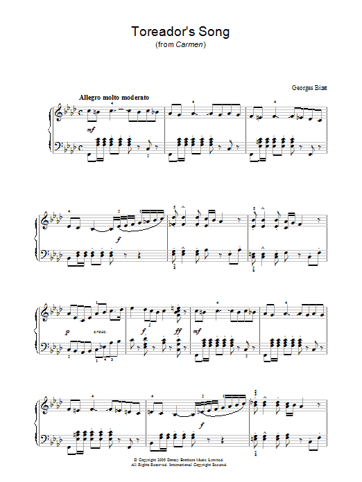 Download or print Georges Bizet Toreador Song sheet music, chords and digital score arranged for Piano Solo. This Classical score includes 3 page(s).
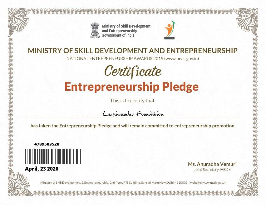 कौशल विकास और उद्यमिता मंत्रालय, भारत द्वारा प्रमाण पत्र
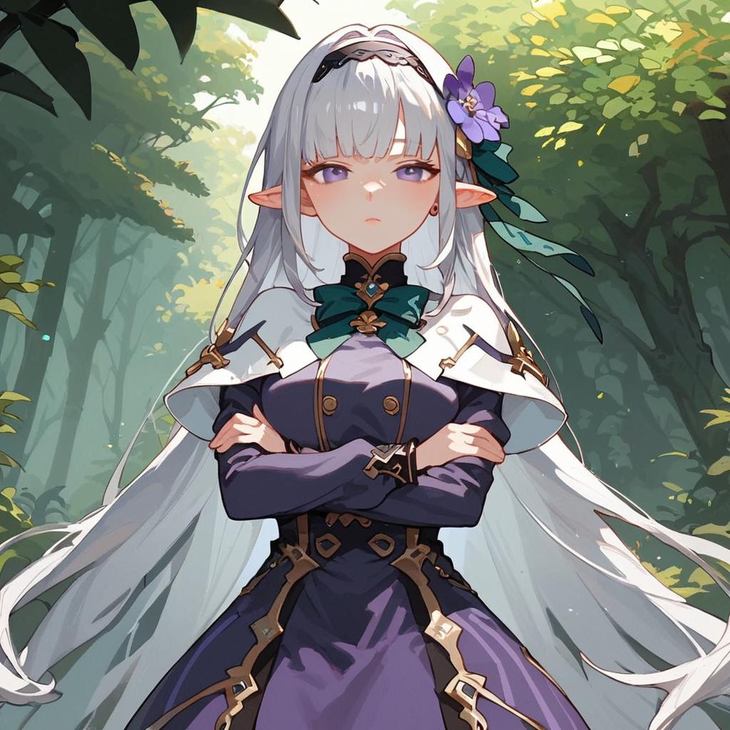 Score_9, score_8_up, 1girl, long hair, grey hair, hair flower, bangs, pointy ears, hairband, solo, blunt bangs, white capelet, long sleeves, looking at viewer, purple dress, very long hair, standing, green bow, cowboy shot, purple eyes, crossed arms, pout, outdoors, forest, anime screencap, anime coloring, source_anime
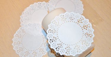– Απλώστε λίγη κόλλα decoupage στην επιφάνεια του κεριού που θέλετε να τοποθετήσετε το χάρτινο σεμεδάκι.
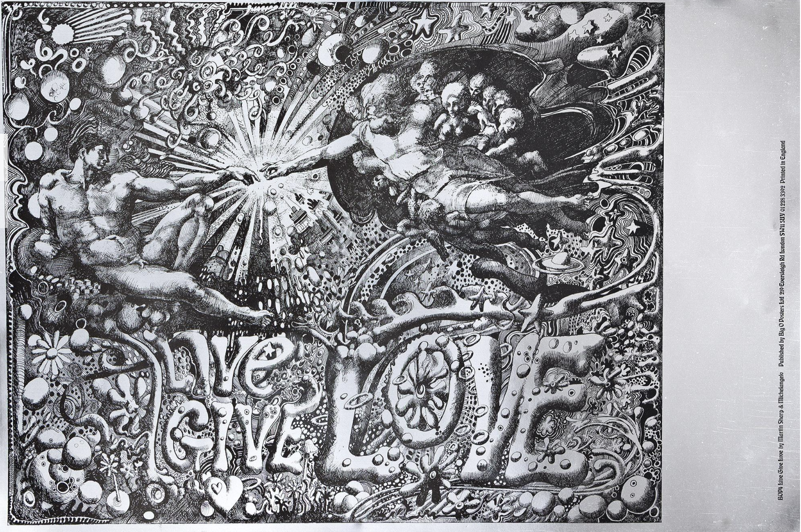 Striking metallic poster printed on foil, the design by Martin Sharp, a psychedelic adaptation of Michelangelo's Sistine Chapel fresco The Creation of Man (1511-12). Screenprint on silver foil laminated paper. In homage to this poster's original source, the poster is signed "martinangelo." High Art p. 143, V&A E.491-1997. 19¾x29¾ inches, 50¼x75½ cm. Big O Posters Ltd., London.

★ ★ ★ ★ ★ ★ ★

_WORK ORDER_: The line containing "कौशल विकास और" and all lines after it, through the last line of the records, should be returned exactly. Omit the pictures.

_ANSWER SECTION_:
 कौशल विकास और उद्यमिता मंत्रालय, भारत द्वारा प्रमाण पत्र
 Score_9, score_8_up, 1girl, long hair, grey hair, hair flower, bangs, pointy ears, hairband, solo, blunt bangs, white capelet, long sleeves, looking at viewer, purple dress, very long hair, standing, green bow, cowboy shot, purple eyes, crossed arms, pout, outdoors, forest, anime screencap, anime coloring, source_anime
– Απλώστε λίγη κόλλα decoupage στην επιφάνεια του κεριού που θέλετε να τοποθετήσετε το χάρτινο σεμεδάκι.
 Striking metallic poster printed on foil, the design by Martin Sharp, a psychedelic adaptation of Michelangelo's Sistine Chapel fresco The Creation of Man (1511-12). Screenprint on silver foil laminated paper. In homage to this poster's original source, the poster is signed "martinangelo." High Art p. 143, V&A E.491-1997. 19¾x29¾ inches, 50¼x75½ cm. Big O Posters Ltd., London.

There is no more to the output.